InvoiceHound — Business Plan

1. Executive summary

InvoiceHound automatically chases late invoices for freelancers and micro-agencies — polite, escalating reminder emails sent on the freelancer's behalf, with a live dashboard of what's owed. The founder keeps a full-time job and builds on ~8 hours a week with a €4,000 budget. The goal of the next 90 days is not revenue at scale: it is 10 paying pilots at €15/month proving that freelancers will pay to avoid awkward money conversations.

2. Problem & opportunity

Freelancers lose hours and goodwill chasing late payments. Surveys consistently show a majority of freelance invoices are paid late, and the chasing itself is emotionally expensive — most freelancers send one awkward reminder, then go quiet. Existing accounting suites treat reminders as an afterthought: generic, one-shot, and buried in settings. The opportunity is a single-purpose tool that does one job with personality and persistence.

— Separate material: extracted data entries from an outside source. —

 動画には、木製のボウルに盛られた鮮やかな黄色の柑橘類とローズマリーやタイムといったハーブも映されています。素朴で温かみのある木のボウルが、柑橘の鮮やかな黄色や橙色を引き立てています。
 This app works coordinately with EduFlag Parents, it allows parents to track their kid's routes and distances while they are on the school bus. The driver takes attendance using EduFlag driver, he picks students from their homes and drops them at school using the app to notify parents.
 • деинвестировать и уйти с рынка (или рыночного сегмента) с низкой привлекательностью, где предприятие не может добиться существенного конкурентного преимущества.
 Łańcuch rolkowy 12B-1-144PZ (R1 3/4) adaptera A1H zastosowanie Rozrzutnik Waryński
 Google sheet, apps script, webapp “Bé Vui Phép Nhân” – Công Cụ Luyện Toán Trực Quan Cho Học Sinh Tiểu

3. Target customer & market

Primary customer: the solo designer, developer, or copywriter invoicing €2,000–€8,000/month across 3–10 clients, using an invoicing tool (or Word templates) but no bookkeeper. They feel late payments personally — it is their rent.

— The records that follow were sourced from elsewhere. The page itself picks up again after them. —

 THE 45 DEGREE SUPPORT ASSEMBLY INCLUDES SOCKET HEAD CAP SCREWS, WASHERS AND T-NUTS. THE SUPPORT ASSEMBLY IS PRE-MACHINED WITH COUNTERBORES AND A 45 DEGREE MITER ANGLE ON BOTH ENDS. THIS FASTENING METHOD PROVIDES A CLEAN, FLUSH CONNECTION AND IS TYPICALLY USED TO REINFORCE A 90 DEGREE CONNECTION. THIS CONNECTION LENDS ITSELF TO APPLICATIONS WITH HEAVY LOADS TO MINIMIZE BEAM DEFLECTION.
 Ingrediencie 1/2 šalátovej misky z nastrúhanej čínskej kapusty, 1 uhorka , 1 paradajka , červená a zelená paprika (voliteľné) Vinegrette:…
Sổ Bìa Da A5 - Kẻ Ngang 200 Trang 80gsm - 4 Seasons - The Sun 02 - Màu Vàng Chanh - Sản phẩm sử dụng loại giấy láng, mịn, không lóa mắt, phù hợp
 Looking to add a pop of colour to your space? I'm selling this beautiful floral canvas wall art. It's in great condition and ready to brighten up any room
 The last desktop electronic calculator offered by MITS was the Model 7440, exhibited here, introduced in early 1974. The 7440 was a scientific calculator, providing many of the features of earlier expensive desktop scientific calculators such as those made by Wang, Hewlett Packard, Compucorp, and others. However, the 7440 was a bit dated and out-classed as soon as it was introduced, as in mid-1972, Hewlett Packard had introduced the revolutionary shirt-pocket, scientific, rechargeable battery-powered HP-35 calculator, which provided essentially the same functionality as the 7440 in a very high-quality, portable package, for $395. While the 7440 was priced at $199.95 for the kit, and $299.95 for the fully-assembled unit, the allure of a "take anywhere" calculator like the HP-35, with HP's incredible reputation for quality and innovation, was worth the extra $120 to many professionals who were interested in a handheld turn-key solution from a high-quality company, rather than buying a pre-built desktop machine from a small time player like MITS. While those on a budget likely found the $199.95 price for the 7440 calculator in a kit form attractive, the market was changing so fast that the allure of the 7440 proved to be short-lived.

Where they are: freelance communities (Reddit, Indie Hackers, design Slacks), accounting-tool marketplaces, and the audience of "how to get paid" content that already ranks well.

The serviceable market is narrow and that is fine: 10 customers validates, 300 customers (€4,500 MRR) makes this a meaningful side income, 1,000+ is a decision point about going full-time.

4. Competition & differentiation

AlternativeWhat it doesWhere it falls short
Manual chasingFreeInconsistent, awkward, stops after one email
Accounting suites' built-in remindersBundledGeneric tone, no escalation logic, off by default
Hiring a bookkeeperThorough€150+/month — overkill for a solo freelancer

Differentiation: escalation as a craft. Three tones (friendly → firm → final), scheduled like a drip campaign, written so the freelancer never sounds desperate. The product is the copywriting as much as the code.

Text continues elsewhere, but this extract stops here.